Reports: ND552258-ND5: Application of Parahydrogen Enhanced NMR to Heterogeneous Hydrogenation on Supported Metal Catalysts
Clifford R. Bowers, University of Florida
In this project, the PHIP effect was studied using oxide-supported metal nanoparticles. The catalysts were synthesized by either of two methods: incipient wetness impregnation or precipitation-deposition. The goal of the project was to study the mechanism of hydrogenation reaction on the surface, allowing the conditions that mitigate the processes that reduce pairwise hydrogenation to be identified and selectivity to be maximized. Pairwise selectivity obtained with oxide supported metal particles was found to be limited to a few percent due to loss of spin-correlation that occurs following chemisorption of H2on the metal surface. The proposed studies also explored a new type of catalytic process, which we refer to as “pairwise replacement catalysis,” whereby the singlet spin order of parahydrogen is incorporated into a substrate molecule with no change in its molecular structure.

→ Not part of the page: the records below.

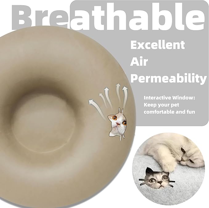 Donut Cat Tunnel Bed Peekaboo Cat Cave for Large Cats Up to 30 Lbs, Kitty Interactive Playing Tent House for Multiple Cats,Detachable,Scratch Resistant (Beige, Large - 24 Inch Diameter)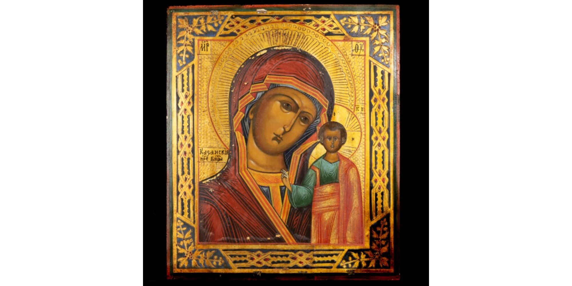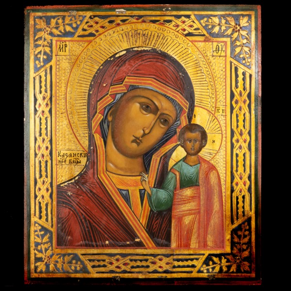 Icon depicting the Mother of God of Kazan. Egg tempera, wood. Late 19th century, Russian. Size: 31x26.5cm. With minor wear.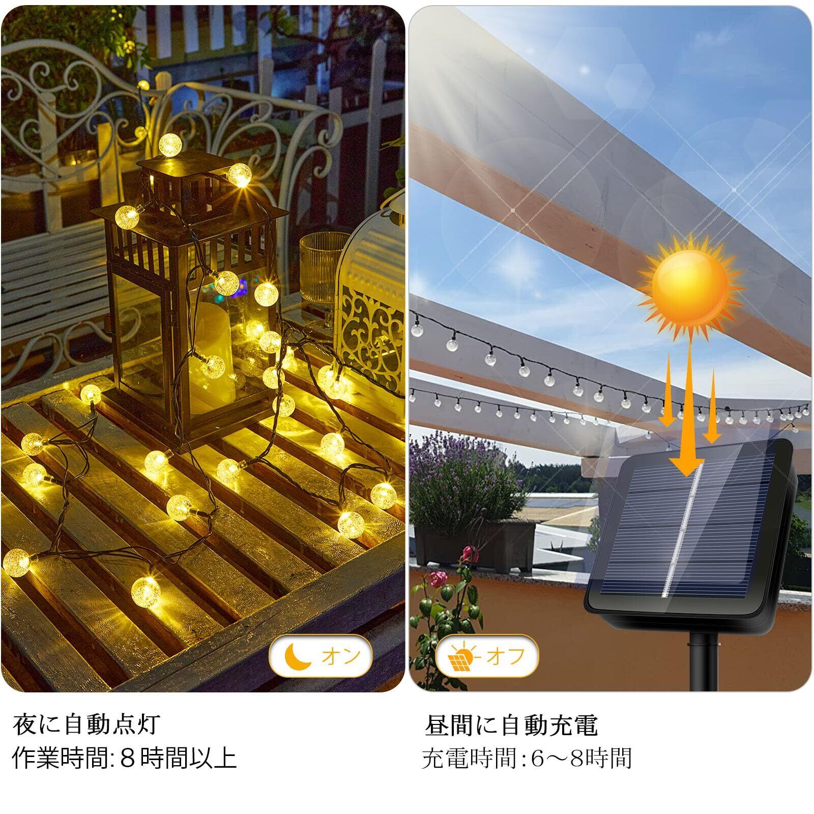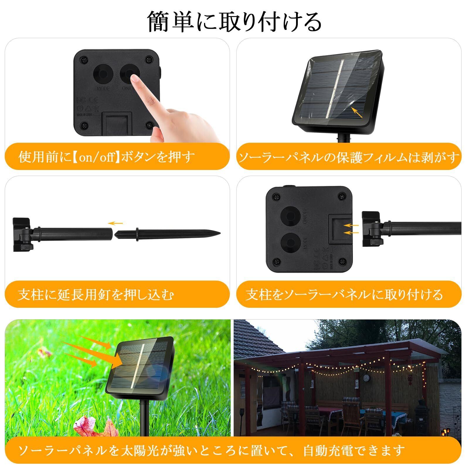 【電気代0円!省エネ】ソーラーパネルに1200mAhのバッテリーが内蔵されて、ソーラーパネルで充電するので、電源不要で電気代0円!省エネの上に環境に優しいです。昼間で8時間以上充電すると、10時間以上の連続点灯ができます。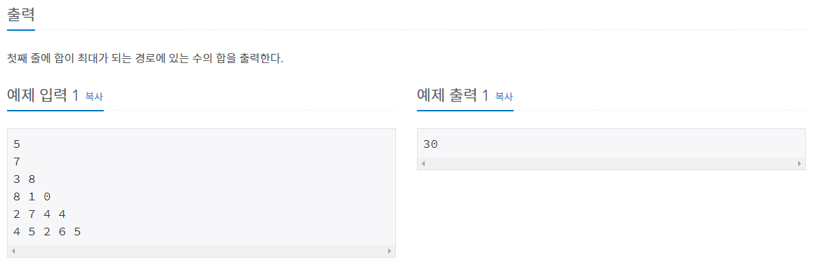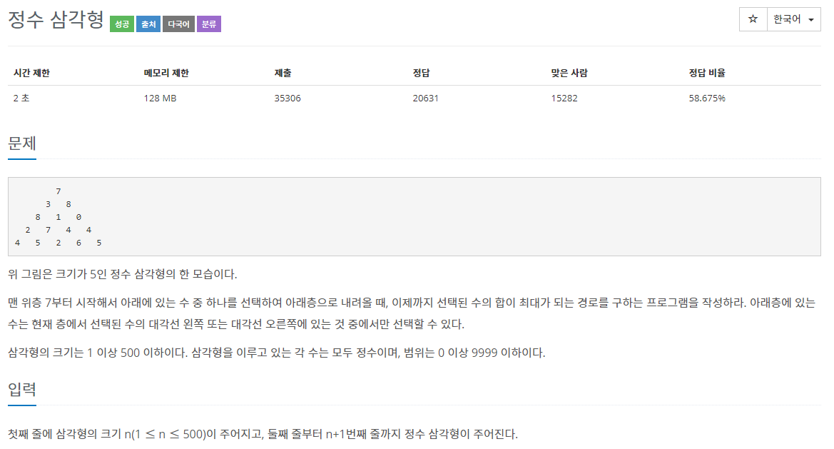 문제 7 3 8 8 1 0 2 7 4 4 4 5 2 6 5 위 그림은 크기가 5인 정수 삼각형의 한 모습이다. 맨 위층 7부터 시작해서 아래에 있는 수 중 하나를 선택하여 아래층으로 내려올 때, 이제까지 선택된 수의 합이 최�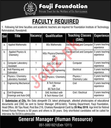 Vacancies in Fauji Foundation Institute of Technology Advertisement May 2019
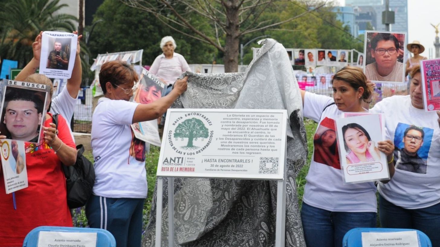 "La Glorieta es un espacio de encuentro y memoria contra la desaparición. Fue tomada y nombrada por nosotras el 8 de agosto del 2022. El Ahuehuete que se encuentra al centro, lo nombramos El Guardián de las y los Desaparecidos y cuidará de cada uno de nuestros seres queridos. Mostraremos los nombres y los rostros de cada persona hasta que nos los regresen", indica la placa que se colocó en el lugar.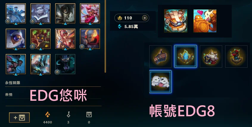 帳號EDG6→EDG悠咪、199T、七萬藍粉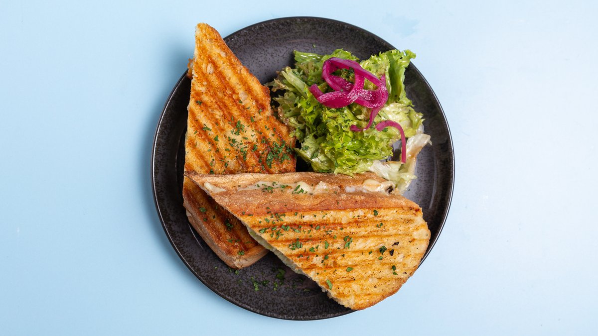 überbackenes Sandwich mit Bergkäse Gruyere, getrüffelten Pilzen, Rosmarinbéchamel, Spiegelei und Salat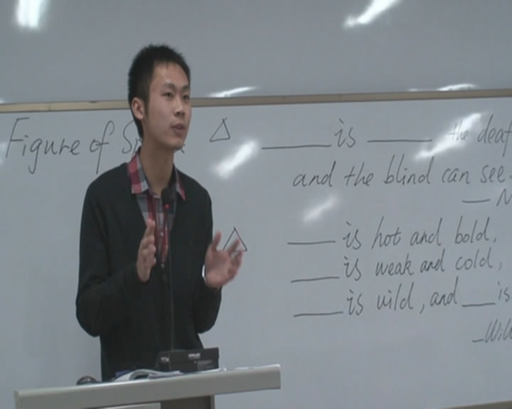 刘老师讲授的是新视野大学英语(第二版)综合英语教程第四册第三单元SectionB的内容。刘老师首先以一个英语游戏来导入主题,之后例如举例的方式详细讲解了该篇课文中所用到的修辞手法,即明喻(simile)、暗喻(metaphor)和拟人(personification)。利用问答方式引领员工对本课的主要结构进行了分析,并对段落中的重点与难点一一进行了解释。活泼生动的授课方式、风趣幽默的例句分析以及配合默契的师生互动逐渐将课堂的气氛推向高潮。在本节课即将结束时,刘老师建议同学们:
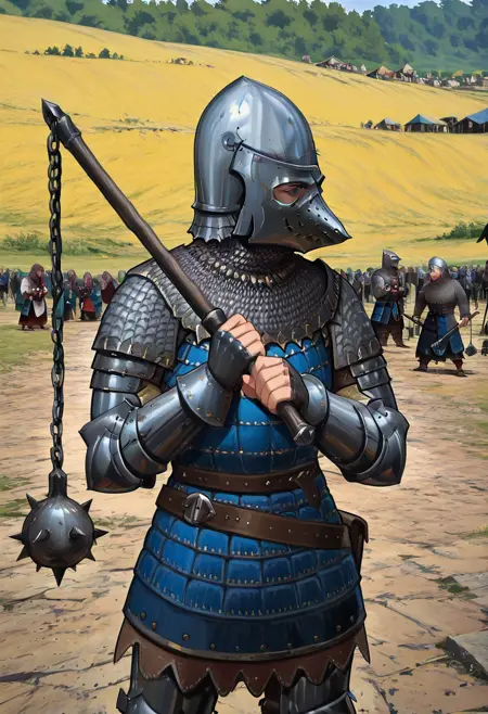此Lora还内置了带有“狗嘴”面甲的头盔(bascinet)。

Firstly, the processes affecting the disposition of the bilinear spin order derived from parahydrogen in the hydrogenation of propyne over TiO2-supported Pt nanoparticles were examined. The hyperpolarized adducts formed at low magnetic field are adiabatically transported to high field for analysis by proton NMR spectroscopy at 400 MHz. For the first time, the stereoselectivity of pairwise addition to propyne was measured as a function of reaction conditions. The correlation between partial reduction selectivity and stereoselectivity of pairwise addition is revealed. The systematic trends were rationalized in terms of a hybrid mechanism incorporating non-traditional concerted addition steps and well-established reversible step-wise addition involving the formation of a surface bound 2-propyl intermediate.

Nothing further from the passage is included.